Menschen, die nach einem Todesfall besonders intensiv und lange trauern, könnten schon bald eine eigenständige medizinische Diagnose erhalten: die anhaltende Trauerstörung. Die Weltgesundheitsorganisation (WHO) will diese Diagnose in die sogenannte ICD-11 eintragen, eine Liste von Krankheiten und Gesundheitsproblemen, die im Laufe des Jahres 2018 veröffentlicht werden soll. Die ICD dient weltweit als Grundlage zur Verschlüsselung medizinischer Diagnosen – auch in Deutschland.
Definition
Im Internet hat die WHO eine vorläufige Beta-Version in englischer Sprache veröffentlicht. Wichtigste Kriterien der anhaltenden Trauerstörung (englisch: Prolonged grief disorder) und Unterschiede zu normaler Trauer sind demnach vor allem die Dauer und Intensität der Trauer: Betroffene verspüren eine brennende Sehnsucht und emotionale Schmerzen wie Verbitterung, Wut, Traurigkeit, die mehr als sechs Monate nach dem Verlust den Alltag und das eigene Leben besonders stark beeinträchtigen.
Warum eine neue Diagnose?
Internationale Fachkräfte haben über die Einführung der neuen Diagnose lange und kontrovers diskutiert. Es besteht Uneinigkeit, ob eine solche Diagnose den Betroffenen Vor- oder Nachteile bringen wird.
Befürworter argumentieren, dass sich die Symptome intensiv und lange Trauernder hinreichend von anderen Diagnosen wie Depression oder Posttraumatische Belastungsstörung PTBS unterscheiden. Betroffene hätten bislang nicht nur falsche Diagnosen, sondern auch ungeeignete Therapien erhalten. Vor allem Antidepressiva oder bestimmte Traumatherapien seien ineffektiv. Durch die spezifische Diagnose sollen Betroffene schnellere, spezifische und bessere Therapie erhalten.
Kritik an der Diagnose
Kritik kommt aber unter anderem von Hospiz- und Palliativeinrichtungen: Der Begriff „Trauerstörung“ sei irreführend. Störungen würden nicht durch Trauer entstehen, sondern durch den Verlust einer nahen Bezugsperson. Trauern sei vielmehr eine normale und wichtige Funktion, die heilende Kraft habe.

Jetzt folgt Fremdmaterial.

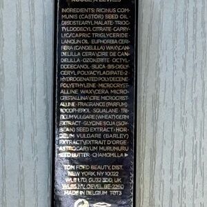 Luxurious Tom Ford lipstick. Bold red shade. Elegant gold packaging.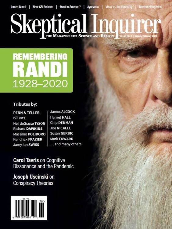 Skeptical Inquirer, The Magazine for Science and Reason. C'est une revue bimestrielle américaine publiée (depuis 1976) par le Committee for Skeptical Inquiry (CSI), organisation américaine qui se consacre à la critique des phénomènes "paranormaux", ou de disciplines qu'il juge pseudo-scientifiques comme l'ufologie, la parapsychologie, la cryptozoologie ou encore l'homéopathie. Il s'agit d'une des organisations les plus importantes du mouvement sceptique contemporain, avec The Skeptics Society. L'abonnement à la revue est de $16.99, soit 14€ par an pour 6 numéros. Cet abonnement vous donne accès à tous les futurs numéros, sous format digital (pdf). Mais également un accès aux archives complètes de la revue. Chaque revue, depuis le numéro 1, étant également disponible en téléchargement au format pdf. Et dans toutes les archives, de très nombreux articles sont en lecture libre. A noter également qu'avec une inscription gratuite sur le site, vous avez accès toutes les deux semaines à des présentations en ligne sur divers sujets. Ces présentations sont ensuite visibles sur la chaîne YouTube du Center for Inquiry (cfi). Viral BS: Medical Myths and Why We Fall For Them The Role of Cognitive Dissonance in the Pandemic Combating Fortunetelling Fraud (aka Psychic Fraud)1 point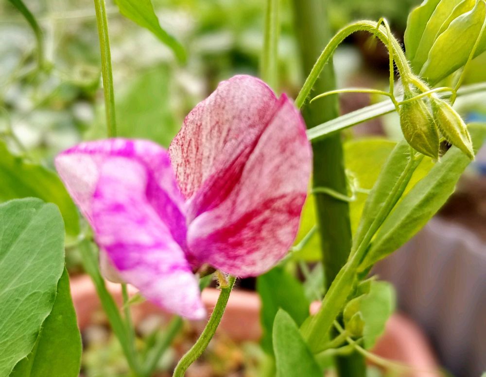 はるばる福岡の🍀花友さんの所から来てくれた スイートピーの種◉ 雪で新芽🌱数は減りましたが…今、愛らしい花を咲かせてくれています😊💞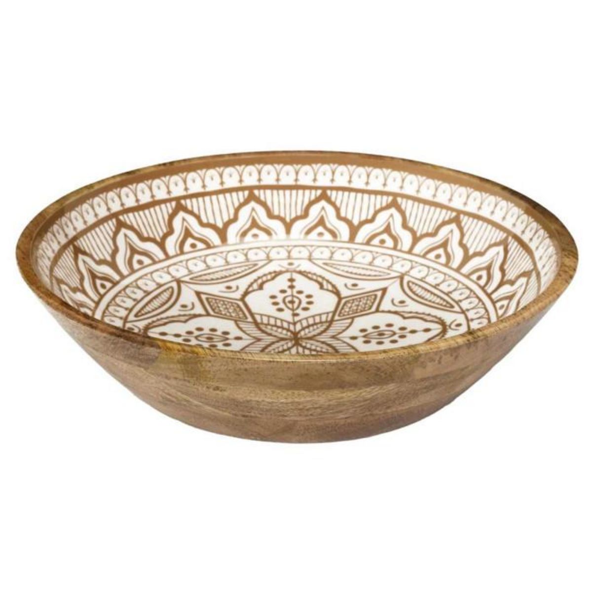 Informations Techniques : Dimensions : D. 33 x H. 7,5 cm Matière : 100% Bois (Manguier) Spécificités : Solide & Utile Saladier rond Intérieur à motifs Certification FSC Poids : 0,94 kg Couleur : Terracotta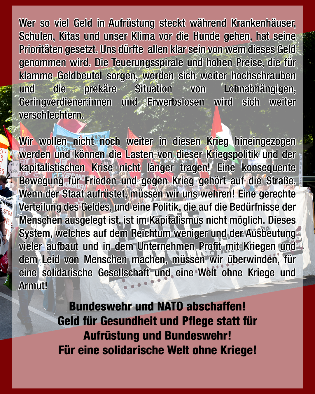 Wir wollen nicht noch weiter in diesen Krieg hineingezogen werden und können die Lasten von dieser Kriegspolitik und der kapitalistischen Krise nicht länger tragen! Eine konsequente Bewegung für Frieden und gegen Krieg gehört auf die Straße. Wenn der Staat aufrüstet, müssen wir uns wehren! Eine gerechte Verteilung des Geldes, und eine Politik, die auf die Bedürfnisse der Menschen ausgelegt ist, ist im Kapitalismus nicht möglich. Dieses System, welches auf dem Reichtum weniger und der Ausbeutung vieler aufbaut und in dem Unternehmen Profit mit Kriegen und dem Leid von Menschen machen, müssen wir überwinden, für eine solidarische Gesellschaft und eine Welt ohne Kriege und Armut!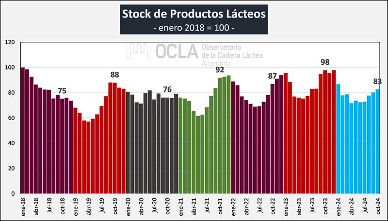 Al mes de octubre de 2024 los stocks iniciales del año 2024 cayeron un 10,2% en volumen de productos y 15,6% en litros de leche equivalentes.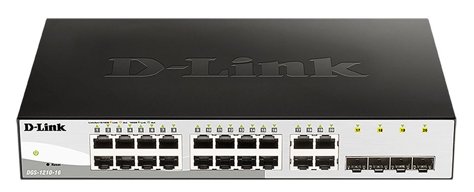 This is 16 Managed Smart 16 Port Smart Switch EU manufactured by D-Link. The manufacturer part number is DGS-1210-16/E. The given dimensions of the product include 280 x 180 x 44mm. It includes 20 RJ45 ports . It has a gigabit network speed class . The product dgs-1210 series, is a highly preferred choice for users. This product features 20 number of ports. The plug is a highly reliable eu with long service life. In addition, the height is 44mm. It has a power over ethernet PoE feature included no . Furthermore, the product is 280mm wide. The product comes in 180mm depth. It has a model 20-port gigabit smart managed switch. It is offered with 4 SFP ports . It is designed with 10/100/1000mbit/s of network speed . Quality product with a smart switch type.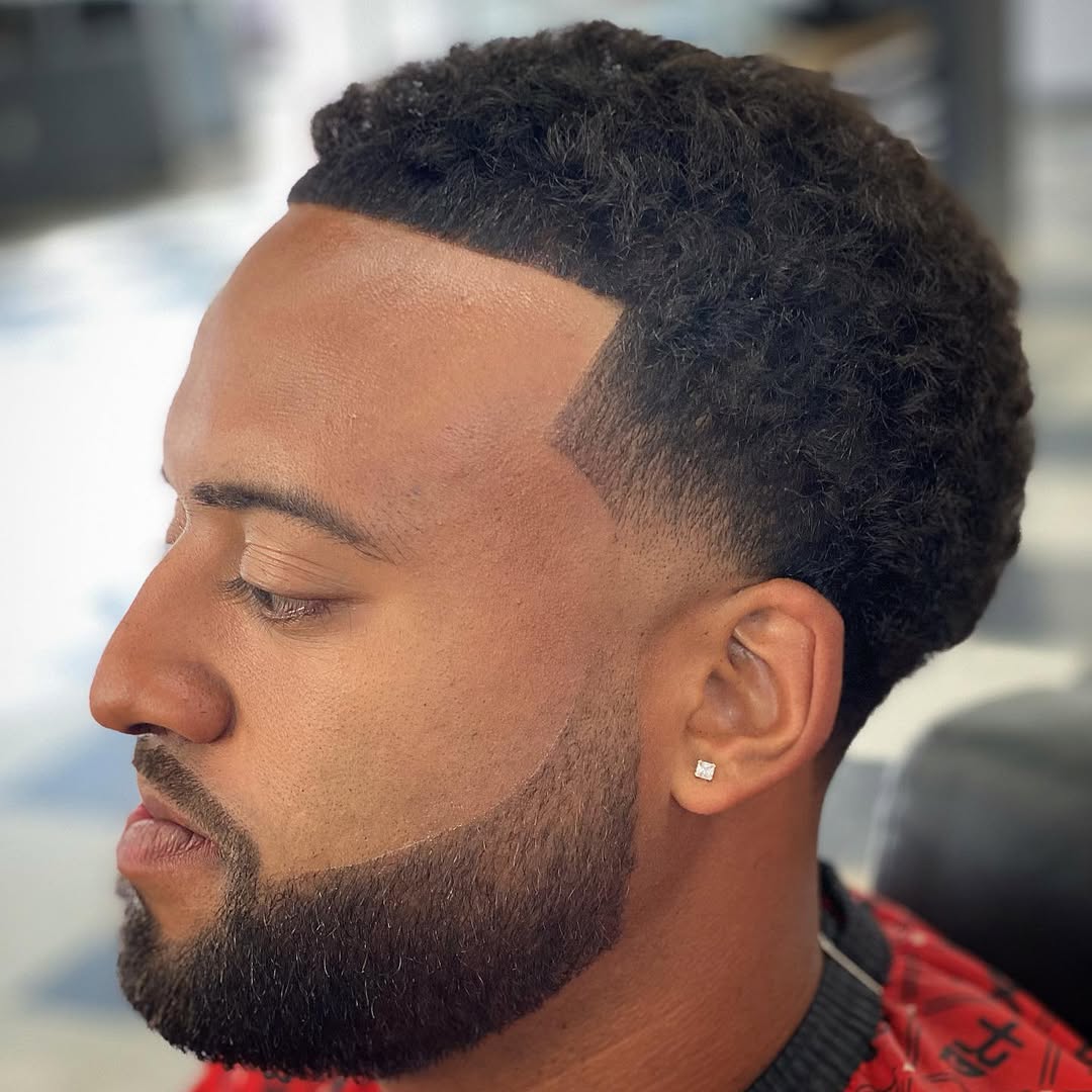 The curly fade temple is a contemporary and neat natural hairstyle. The side is faded towards the temples co concentrating on the longer curls in the top. It is a multipurpose cut that can be used in a professional, casual, or creative environment. The process of keeping this hairstyle requires curls to be kept moisturized, curl creams to add definition, and trimming to keep the fade sharp. It is suitable for men whose curl pattern is tight or loose, and it boosts the natural volume of hair. The temple fade is stylish and old-fashioned, so that men could demonstrate their natural texture and at the same time preserve the overall appearance of the item as clean, stylish, and fashionable to wear daily or during some special occasions.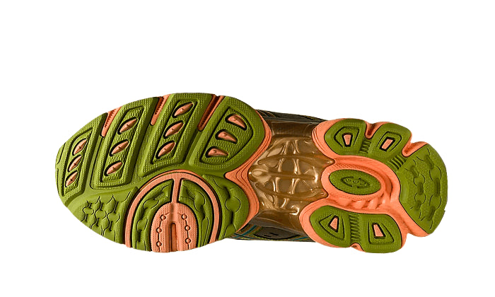 There Asics UB3-S Gel-Nimbus 9 Kiko Kostadinov Abbey Stone Displays a base in gray mesh, surmounted by leather panels gray and green, for the resistance. Distinctive sign of the brand, Tiger Stripes are present. For a practical side, a strap is on the tongue. In order to offer optimal comfort and absorb shocks, the pair is based on technology GEL integrated into a pink midsole.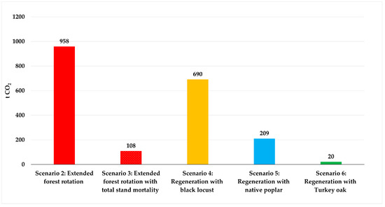 We assessed the mitigation potential of each scenario in comparison to the baseline scenario for the period up to 2050 (Figure 5). The extended rotation cycle showed the highest additional carbon sequestration, with 958 tCO2 above the baseline. In the total stand mortality scenario, we calculated only 108 tCO2 of additional sequestration. Regeneration with black locust resulted in an outstanding 690 tCO2 surplus; however, due to the biodiversity criterion, this amount cannot be accounted for as carbon credits. For native poplar, the additional sequestration of 209 tCO2 is eligible for crediting, although it remains significantly lower than that of black locust. Regeneration with Turkey oak produced the lowest additional sequestration during the study period, with 20 tCO2. Despite their varying magnitudes, these values all represent additional mitigation potential compared to the baseline scenario (regeneration with Scots pine with hornbeam admixture).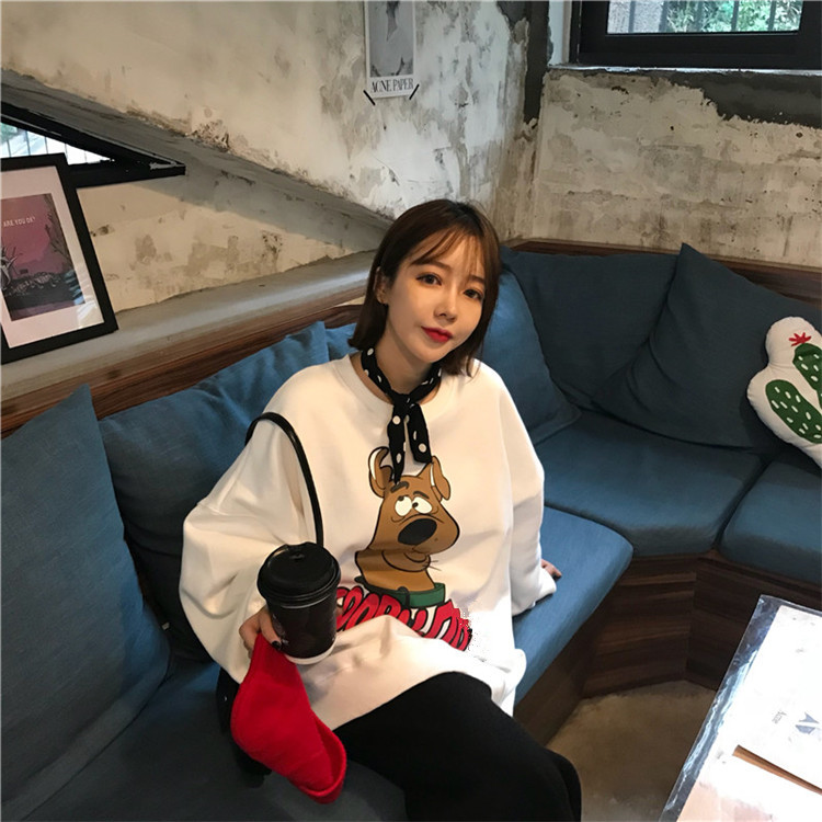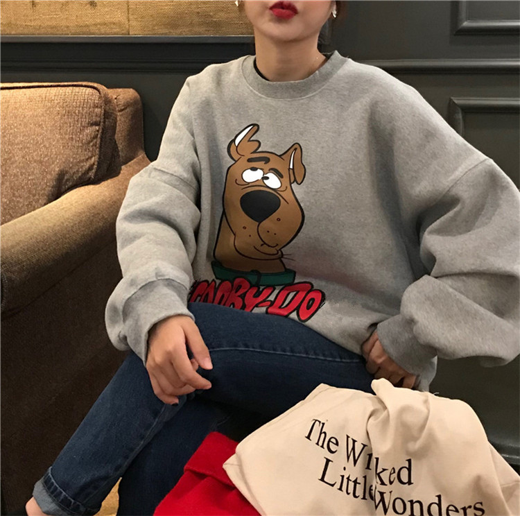 / 秋冬女裝韓版中長款原宿風小狗字母卡通寬松加絨加厚衛衣上衣外套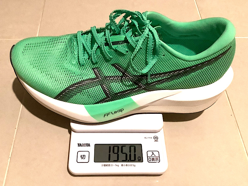 マジックスピード5の片足重量は195.0g(26.5cm)でした。 ※個体差はあります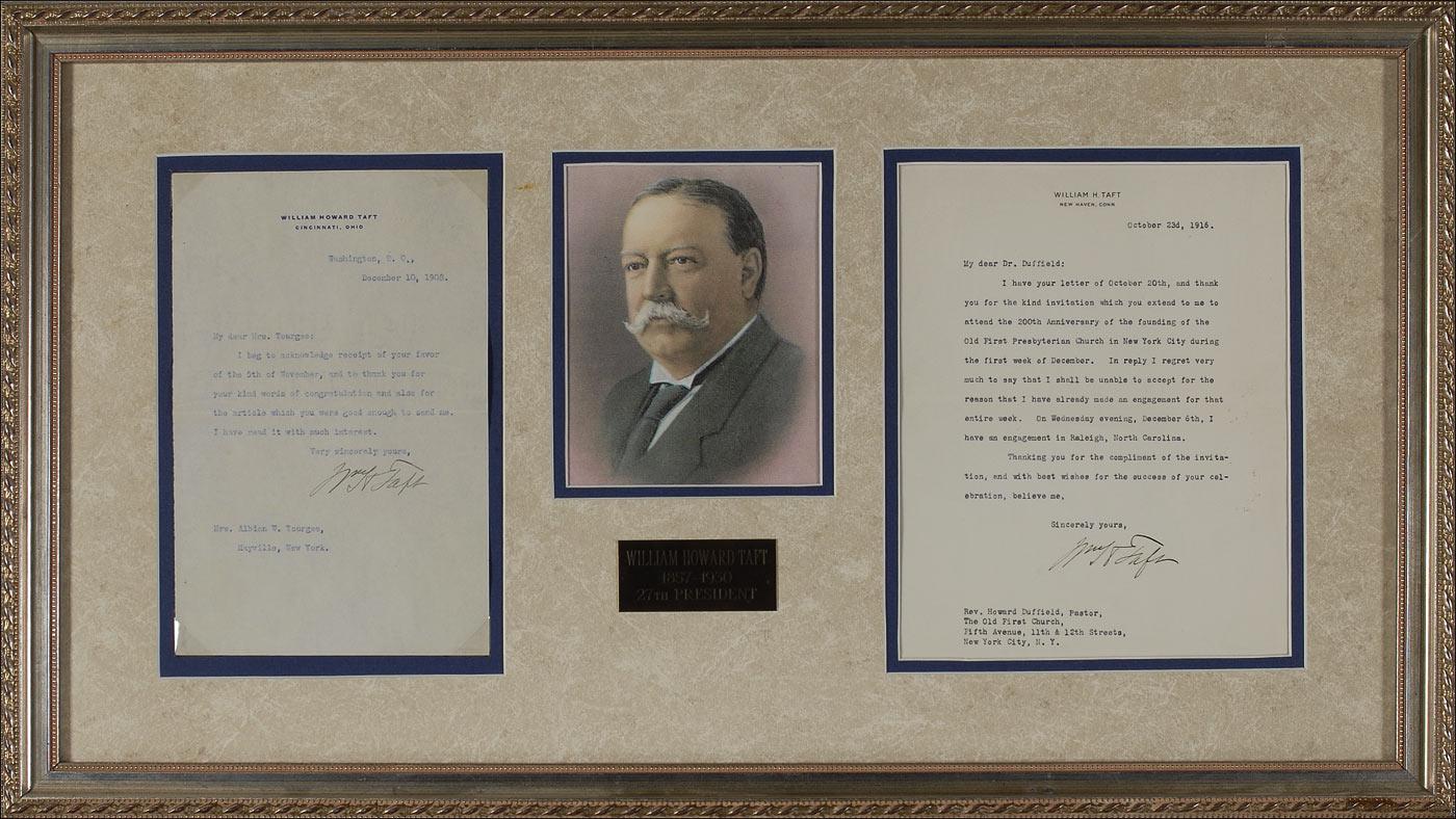 Two TLSs, both signed “Wm. H. Taft,” both one page on his personal letter head. The first letter, dated December 10, 1908, signed as president-elect sends thanks to Mrs. Albion Tourgee, and reads, in full: “I beg to acknowledge receipt of your favor of the 5th of November, and to thank you for your kind words of congratulations and also for the article which you were good enough to send me. I have read it with great interest.”; second letter, dated October 23, 1916, declines an invitation to attend the 200th Anniversary of the founding of the Old First Presbyterian Church. Both letters are double matted and framed together with a color portrait and a small plaque to an overall size of 25 x 14. In fine overall condition. Oversized. Pre-certified John Reznikoff/PSA/DNA and RRAuction COA.

Wie Menschen trauern, sei zudem individuell und kulturell sehr unterschiedlich. Durch Festlegungen von bestimmten Zeiten (beispielsweise mindestens sechs Monate) würden Trauerprozesse eingegrenzt und normiert. Dies könnte dazu führen, dass normal Trauernde vorschnell als psychisch krank stigmatisiert werden. Andere hatten gefordert, den Zeitraum auf 12 Monate, 14 Monate (das sogenannte Trauerjahr berücksichtigend) oder 24 Monate zu erhöhen.